今年も3月を迎えた。2011年3月11日から9年が経ち、毎年震災本が出版され続けている。私も3月は震災ものを読むことを習慣としてきた。楽しみや興味本位からではない。「何も知らなくてごめんなさい。何もできなくてごめんなさい」といつも申し訳なく手に取る。
9年経った今、世の中は変わったのだろうか。現場の第一線で働く人の命と健康を守り、敬意を払う世の中になっているのだろうか。そして、私は震災と正しく向き合えていけているのだろうか。
本書は東京新聞で連載されている「ふくしま原発作業員日誌」(2011年8月〜2019年10月)に大幅に加筆を加え書籍化したものである。作業員の人柄や日常の様子が生き生きと伝わるように、「日誌」という形にこだわった。そして、「日誌」と交差するように、廃炉に向けた進捗状況や、政府や東電の発表、働く作業員の労働環境などの背景が詳細に描かれている。「作業員の横顔がわかるように」という著者の強い想いが、読者と原発作業員の距離をぐっと近づけてくれる。
作業員の日常を一気に変えた出来事のひとつとして、2011年12月16日野田佳彦首相による「事故収束宣言」が挙げられる。政府の原子力災害対策本部の会合で、「冷温停止状態(圧力容器底部の温度を100度以下に保ち、放射性物質の放出を大幅に抑制すること)」の達成を宣言。そして同時に「事故そのものは収束に至った」と言い切った。
しかし現場では、大量の汚染水を生み出しながら核燃料をかろうじて冷やし、高線量で原子炉建屋にも入れない状態が続いていた。汚染水の海への流出、水素爆発で損傷した建屋からの放射線物質の放出など、12月に入ってもなお新たな問題が次々と発覚している。何より作業員は高線量を浴びながら、24時間体制で作業に徹している状況だった。
この日を境に、福島第一では通常化がアピールされ、コスト削減を優先する競争入札が進められる。賃金や危険手当が下がり、宿泊費や食費など諸経費がカットされるなど、作業員の待遇が急速に悪化し始める。
原発での仕事は、東電からの元請け企業と多重に連なる下請け企業で成り立っている。東電がコスト削減を要求すると、玉突き事故のように下請け企業の作業員の給料や危険手当に響いてしまう。その結果、一番大切な作業員の命が犠牲になってしまう。作業員は年間の被ばく線量が決まっており、それに達すると仕事を失ってしまう。「被ばく隠し」を自主的に始めたり、会社が強要する事例が目立つようになる。これが2012年の話だ。

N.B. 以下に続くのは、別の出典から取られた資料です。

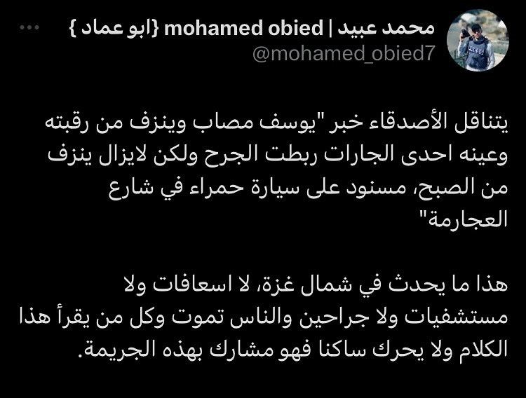 أتدرون معنى العجز؟ إنه ما نعيشه الآن في شمال غزة.. لا ملجأ لنا ولا منجى إلا إليك يا الله. كل لحظة تصلني عشرات المناشدات من عائلات محاصرة، دُمرت منازلهم فوق رؤوسهم، ولم أعد أستطيع حتى إحصاءها. لا أملك لهم سوى نشر مناشداتهم، على أمل أن تجد صدى، رغم علمي بأنها، للأسف، بلا جدوى في عالم لا يرى موتنا شيئاً مهماً. قلبي يعتصر ألماً على هذه العائلات المنكوبة، تُقتلها إسرائيل بلا رحمة، صغيرهم قبل كبيرهم، فقط لأنهم فلسطينيون..!
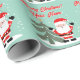 Santa Claus cartoon with Christmas tree teal Wrapping Paper. Cute Holiday design for friends and family. Personalized gift wrap for parents, children and babies. Funny joyful illustration with for the winter season. Add your own name and custom seasons greetings like Merry Christmas or Happy Holidays. Customizable background color.

震災から9年が経った。作業員の命をかけた仕事により、原発の瓦礫は撤去され、1〜3号機の使用済み核燃料プールからの「核燃料取り出し」にまでたどり着くことができた。当時中高生だった地元の子どもたちがイチエフ働くようになったという。地元作業員のなかには、「自分たちで故郷をなんとかしたい」「イチエフで働いてきた自分たちがやるしかない」と、故郷を守りたいという強い思いがある。手当が下がり、うまみがなくなった原発で働く作業員の目的や世代が刻々と変化しているようだ。しかし、廃炉まではまだまだ遠い。先何十年の話である。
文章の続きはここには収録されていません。